In the past, the Supreme Court has rejected these pleas. But it may reconsider the issue this spring when it takes up the case of Lucas v. South Carolina Coastal Council. Real estate developer David Lucas bought two lots on the Isle of Palms in 1986 with the intention of building houses on them. Two years later, new state regulations proscribed building so close to the ocean. Lucas did not challenge the state's claim that beachside construction would cause erosion and threaten the stability of nearby homes, but he did seek compensation for his investment. A lower court awarded him $1,232,387.50, the price he paid for the land plus interest and taxes. The state successfully appealed, arguing that its regulations did not amount to depriving the developer of his land.
It is easy to sympathize with Lucas, though land values can also be enhanced by environmental and zoning restrictions. But a broad decision by the Supreme Court would be disastrous for the principle of environmental regulation. It would open the door to a wave of demands for compensation from citizens and companies affected by everything from rules protecting wetlands to restrictions on critical habitats for endangered species.
A decision in favor of property rights could leave state governments with a double bind, says Brian Gray, a University of California specialist in environmental and property law. If the state imposes new regulations to protect vital ecosystems or species, it risks a slew of suits for compensation; but if it does not act, it could be sued for failing to protect the public trust.
And where is the Bush Administration during this threat to the principle of environmental regulation? It has sided with Lucas. Some conservative legal ^ theorists and their supporters within the Administration would welcome a reinterpretation of property rights that would also open the way to eviscerating health, safety and zoning as well as environmental regulations.

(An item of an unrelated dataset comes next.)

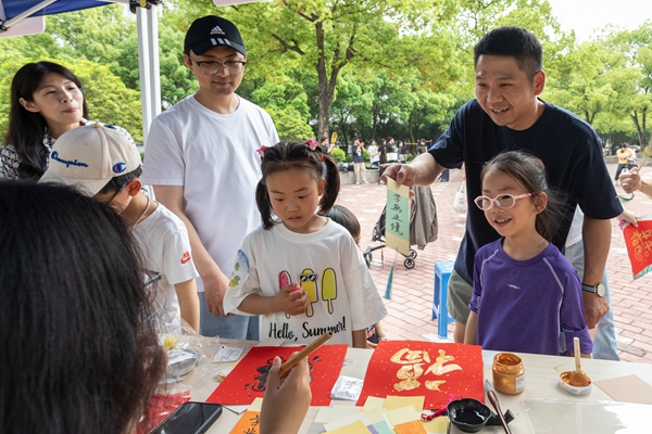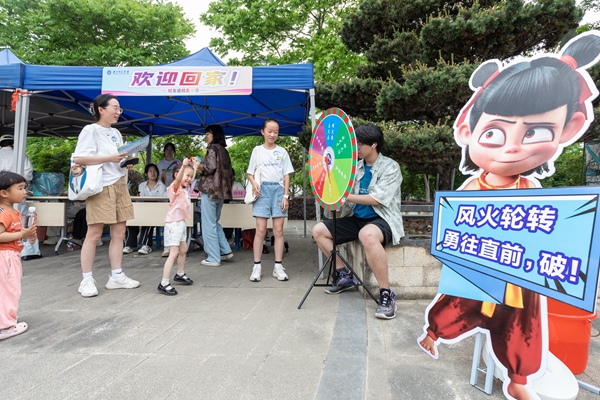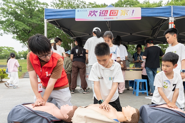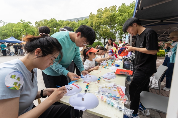 下午13:30,校友们在东校区校训广场报到,领取打卡地图和活动定制纪念包,观看舞龙舞狮表演,并在校友签名墙上留下签名和寄语,镌刻难忘记忆。在吴兴园,校友们转动彩虹转盘,并感受手工漆扇的乐趣。在大学生活动中心,学校准备了丰富的音乐节目,并为校友现场画人像速写。在恩泽碑,校友们在画板上留下印记,共同作画,参与投壶游戏,回忆昔日友谊。在讲解员的带领下参观完校史博物馆、沈行楹联艺术馆之后,校友们来到胡瑗广场,参与拼贴诗会、折扇创作、“杏坛寻春”山野手作集市的“青绿扎染、植物拓染、花艺帽匠”等活动,在胡瑗像前合影留念,重温缤纷校园时光。在德清湖,学校为校友们准备了专属“软陶记忆包”,内含校徽或院徽配色陶土及模具,可以现场制作并带走留念。在月亮广场,校友们一起为校园植物制作并挂上科普书签,参观校园“小花大世界”摄影活动优秀作品展,并聆听学院科普讲座。活动终点设在东校区校友中心,校友们在此领取纪念奖章,珍藏美好回忆;参观校园文创产品展览,感受校园文化魅力。

This reassertion of private-property rights comes at a time when society is becoming ever more aware of the ways in which actions in one part of the landscape affect the economic and ecological well-being of other areas. If the U.S. were still a sparsely populated country with vast wilderness areas, it would matter less what one individual did with his or her property. Says Erik Meyers of the Environmental Law Institute: "The freedom to swing your arms stops at your neighbor's nose, and what has happened is that noses have got a lot closer together." In such circumstances, it seems odd to pay people to pull their punches.